___ Exercise data

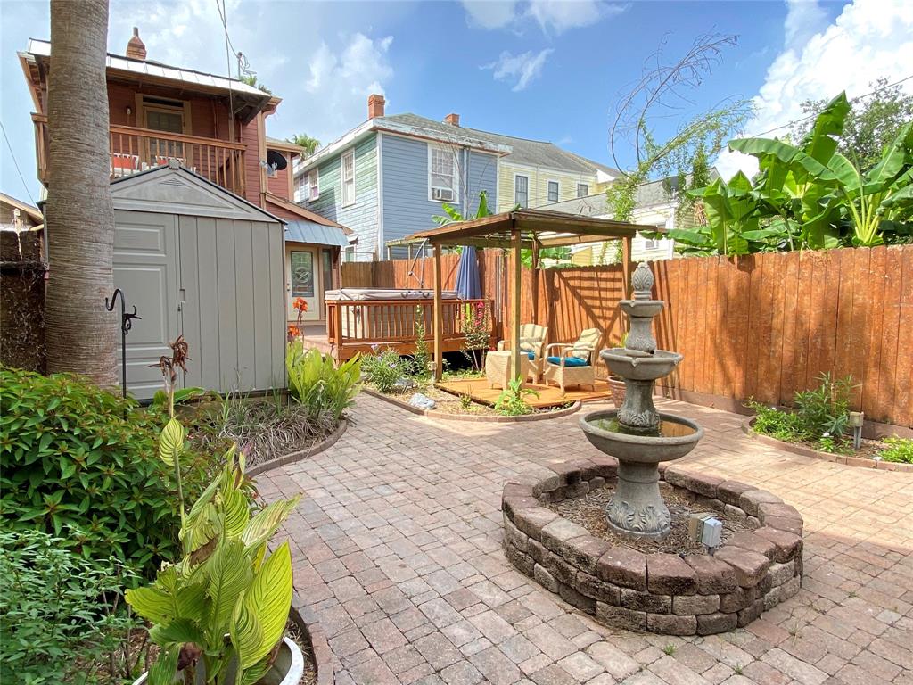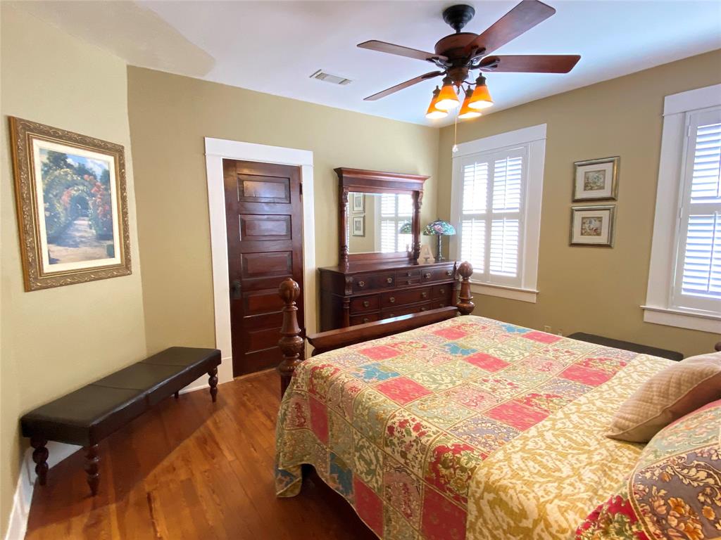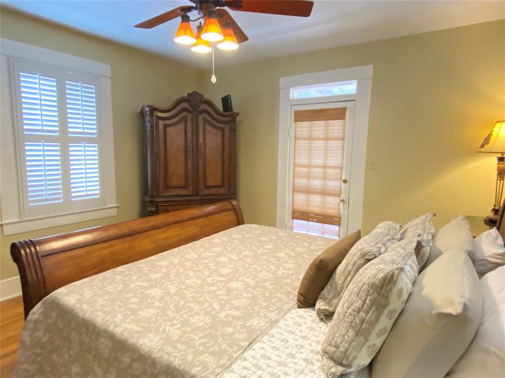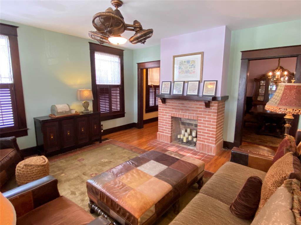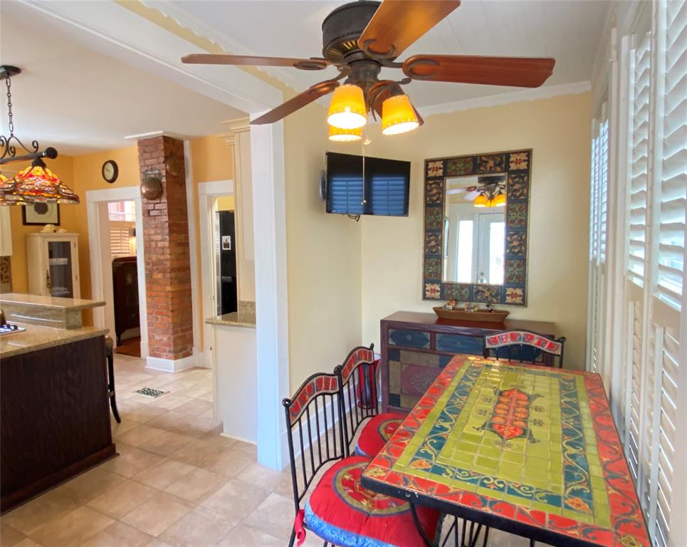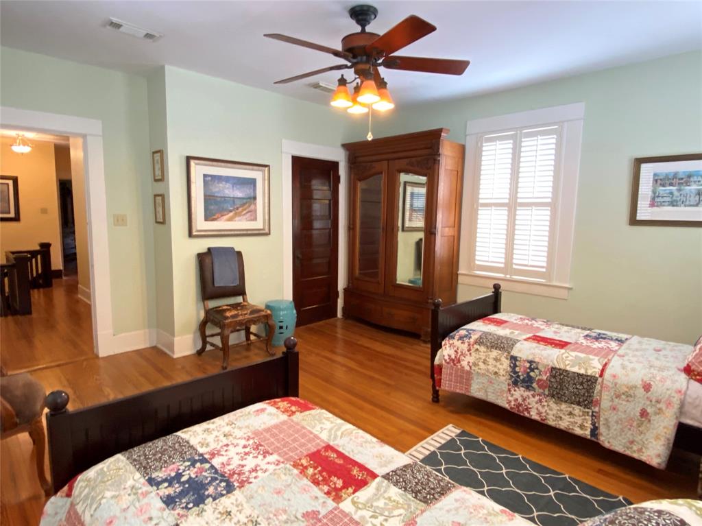 Beautifully restored and fully landscaped 1907 Arts & Crafts home w/fireplace and wrap around porchin EEHD. The updated kitchen includes copper sink, convection oven, large utility room and breakfast nook that leads to a back deck, hot tub and fountain in the backyard, a great fully fenced entertaining space! Wood floors throughout home with tile in kitchen and breakfast nook. There is a designer 3/4 bath downstairs. Plenty of windows add to the sunny appeal and charm of this beauty additionally storage space is plentiful, a rarity in these homes! Upstairs are 3 bedrooms, the primary has a walkout deck and full bath. Just steps away from Mosquito Cafe and 14th St. corridor of restaurants. Convenient to UTMB and downtown. Back porch buildout has added 84 sf to the home. Outdoor back space begs for alfresco dining while the charming front wraparound porch with a swing is great for a spontaneous get together for enjoying the soothing Gulf Breezes! Room for parking in back if desired.
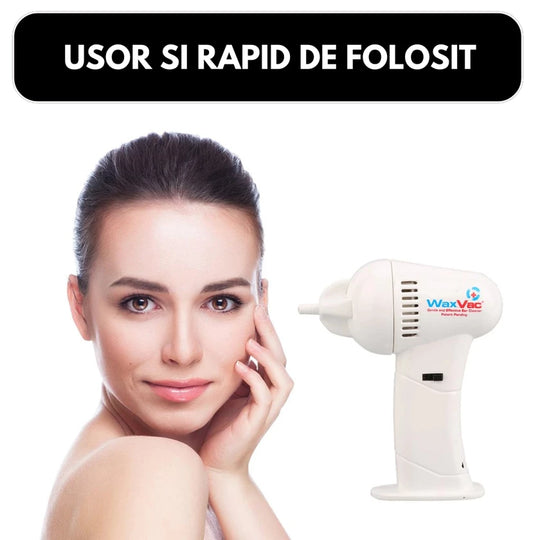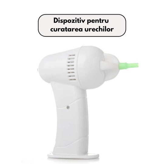 Acest aparat de curatare, avand efectul de vacuum, nu necesita introducerea adanc in interiorul urechii si aspira de la "distanta".
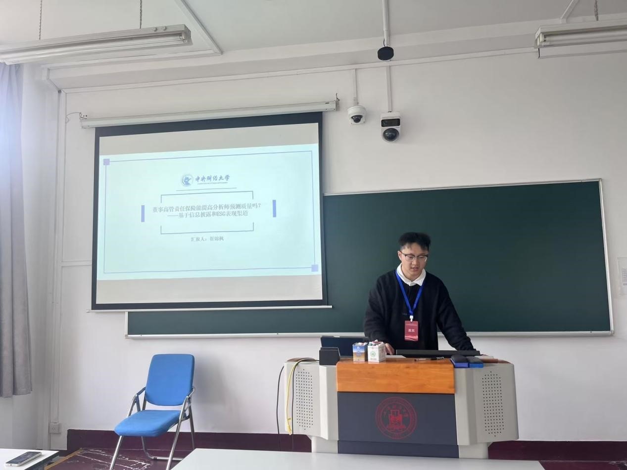 在2号下午的分会场报告中,崔锦枫同学在平行论坛10对论文“董事高管责任保险能提高分析师预测质量吗?——基于信息披露和ESG表现的视角”进行汇报。他认为高质量的分析师预测报告对打破投资者信息壁垒、提高资本市场运作效率至关重要。董事高管责任保险对上市公司信息披露质量和公司治理表现有显著影响,并且能提高分析师预测质量。
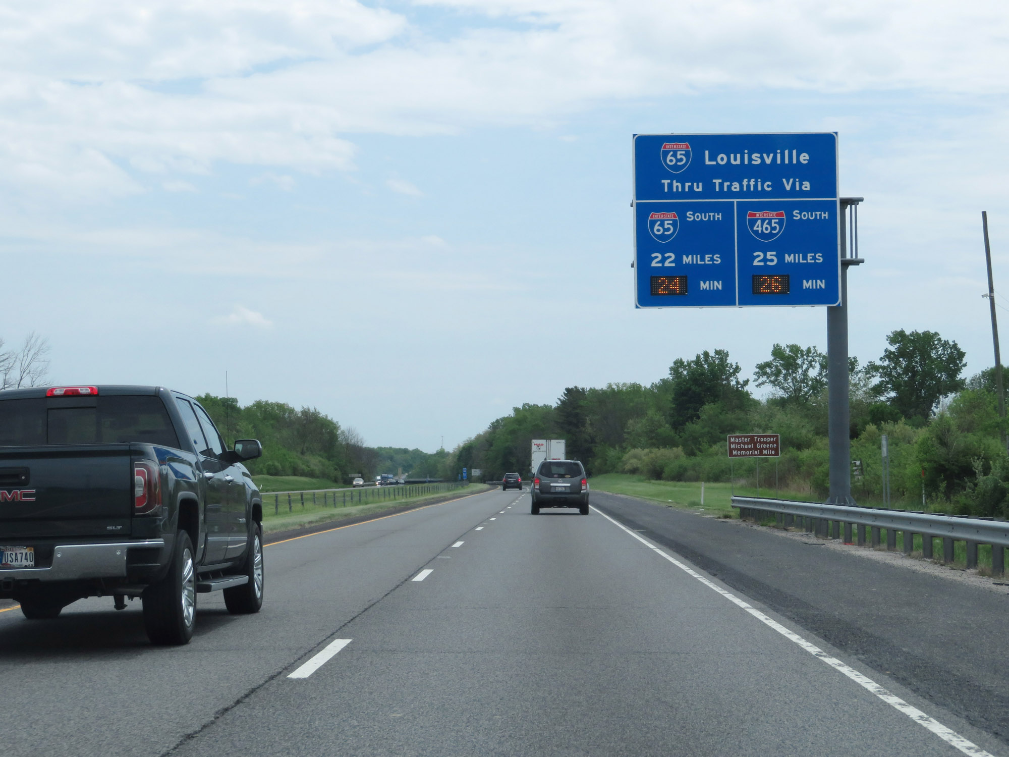 Interstate 65 South approaching Exit 175 - 1 mile. (Photo taken 7/18/17). |
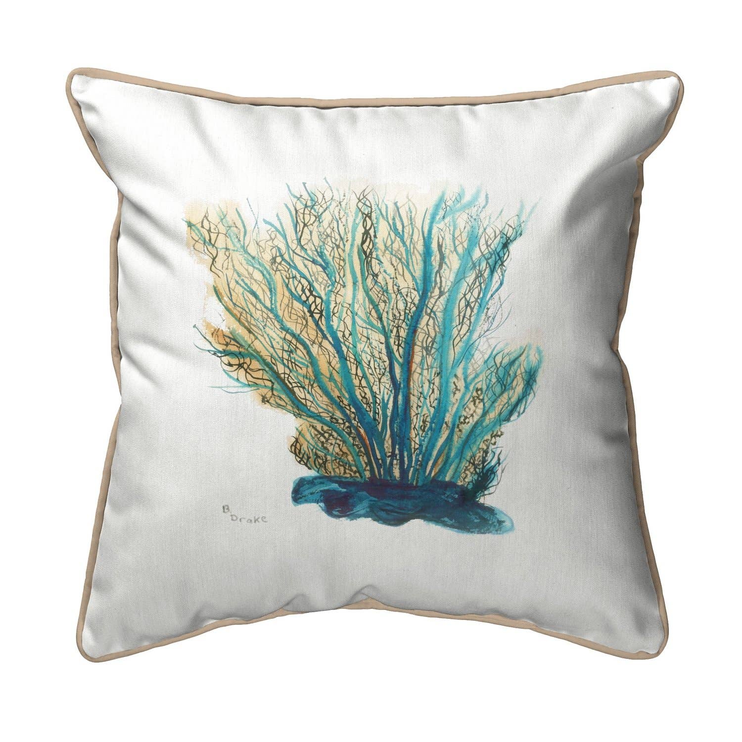 Features a vibrant navy-blue background with an ivory coral motif border. This classic subtle tropical design will effortlessly complement any space inside or outside your home. Masterfully woven in Egypt of weather-resistant soft 75% polypropylene/25% polyester face which creates the perfect soft touch for this pillow. It is easy-care and has a removeable cover with a durable zipper closure. Crafted on a traditional loom, then stitched to a durable polyester backing, this collection of pillows has a worldly aesthetic. The textiles combine interesting tones and patterns, bringing a chic ambiance to your space.
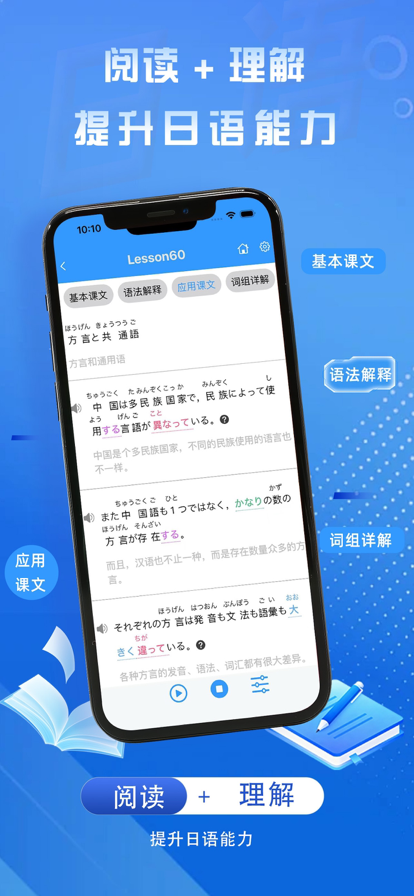 最完善的新版标日学习辅助APP。 在学习的过程中会不断cue到前面学习过的知识点,彻底打败遗忘曲线。 根据词性不同将单词标注为不同颜色。让你不知不觉中记住单词词性。 核心功能: • 课文学习:基本课文/应用课文切换,支持假名标注,配套音频播放 • 语法索引:按组浏览语法,支持搜索与折叠展开 • 单词学习:词性标注、释义展示、详情查看与收藏 • 句子学习:例句查看与语音播放 • 收藏系统:单词/语法收藏,集中复习更高效 • 小组件:展示收藏单词,支持快速切换(内购会员可用) 适合人群: • 有一定日语基础,N4/N5同等水平 • 新标日中级学习者 • JLPT N3 阶段复习用户 反馈邮箱: northpolecat@163.com polarcat1991@gmail.com B站: 北极猫1991
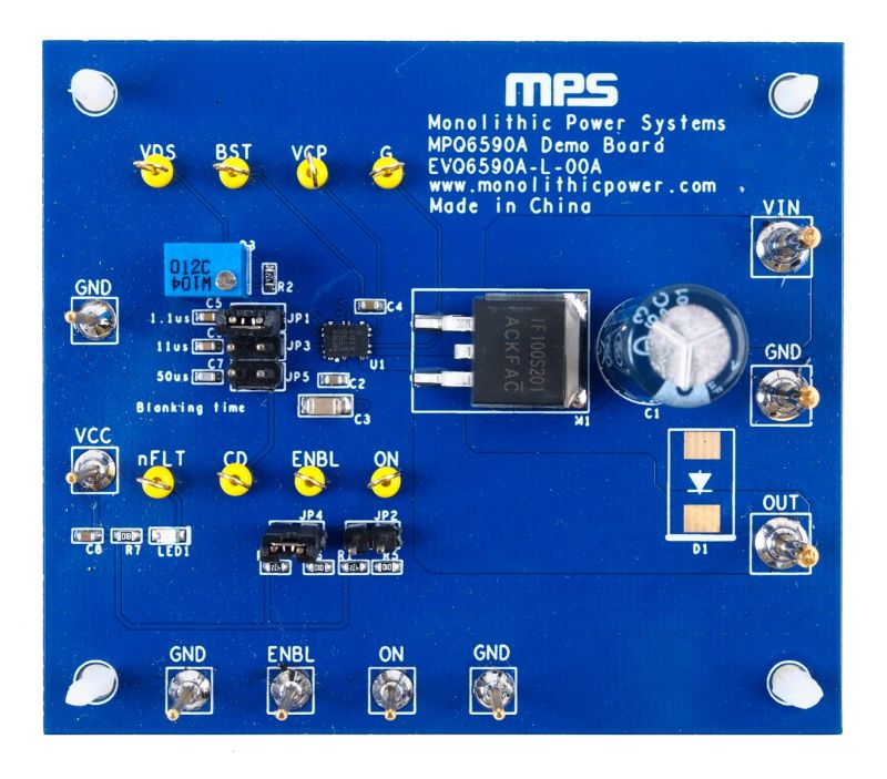 The EVQ6590A-L-00A is an evaluation board designed to demonstrate the capabilities of the MPQ6590A-AEC1, a high-side N-channel power MOSFET gate driver. It is suitable for battery power tools and automotive high-side switches.
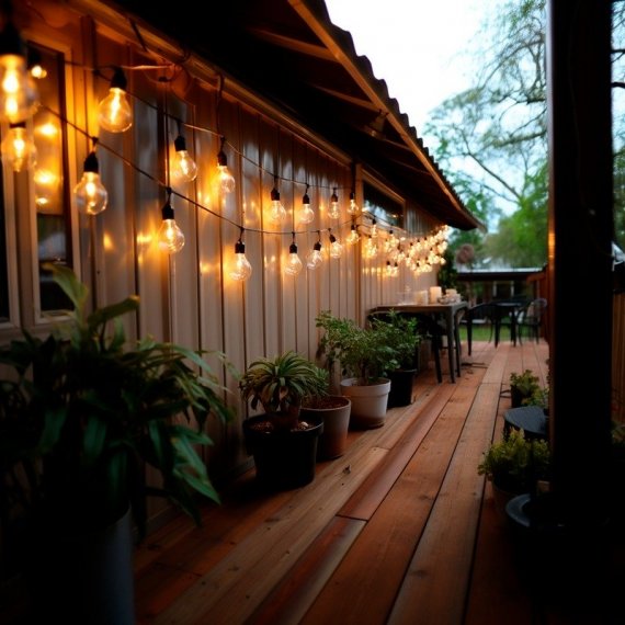 «Белт-Лайт» – популярная гирлянда для украшения фасадов домов, зданий, создания перетяжек между деревьями, столбами. Такие гирлянды широко используются в украшении кафе, ресторанов, свадебных площадок и фотозон. 100-метровый шнур оснащен 225 подвесными патронами с цоколем Е27. Патроны располагаются на иллюминационном кабеле с шагом 40 см. Для подключения к сети предусмотрен шнур с евровилкой. Провод находится в надежной изоляции из морозостойкого каучука. Вся конструкция защищена от влаги и пыли по стандарту IP65, что делает возможным размещение как в доме, так и на улице.

______

Among the entries above, take the line with "Acest aparat de", the line with "polarcat1991@gmail.com B站: 北极猫1991", and all the lines between them, and restate them word for word without pictures.

 Acest aparat de curatare, avand efectul de vacuum, nu necesita introducerea adanc in interiorul urechii si aspira de la "distanta".
 在2号下午的分会场报告中,崔锦枫同学在平行论坛10对论文“董事高管责任保险能提高分析师预测质量吗?——基于信息披露和ESG表现的视角”进行汇报。他认为高质量的分析师预测报告对打破投资者信息壁垒、提高资本市场运作效率至关重要。董事高管责任保险对上市公司信息披露质量和公司治理表现有显著影响,并且能提高分析师预测质量。
 Interstate 65 South approaching Exit 175 - 1 mile. (Photo taken 7/18/17). |
 Features a vibrant navy-blue background with an ivory coral motif border. This classic subtle tropical design will effortlessly complement any space inside or outside your home. Masterfully woven in Egypt of weather-resistant soft 75% polypropylene/25% polyester face which creates the perfect soft touch for this pillow. It is easy-care and has a removeable cover with a durable zipper closure. Crafted on a traditional loom, then stitched to a durable polyester backing, this collection of pillows has a worldly aesthetic. The textiles combine interesting tones and patterns, bringing a chic ambiance to your space.
 最完善的新版标日学习辅助APP。 在学习的过程中会不断cue到前面学习过的知识点,彻底打败遗忘曲线。 根据词性不同将单词标注为不同颜色。让你不知不觉中记住单词词性。 核心功能: • 课文学习:基本课文/应用课文切换,支持假名标注,配套音频播放 • 语法索引:按组浏览语法,支持搜索与折叠展开 • 单词学习:词性标注、释义展示、详情查看与收藏 • 句子学习:例句查看与语音播放 • 收藏系统:单词/语法收藏,集中复习更高效 • 小组件:展示收藏单词,支持快速切换(内购会员可用) 适合人群: • 有一定日语基础,N4/N5同等水平 • 新标日中级学习者 • JLPT N3 阶段复习用户 反馈邮箱: northpolecat@163.com polarcat1991@gmail.com B站: 北极猫1991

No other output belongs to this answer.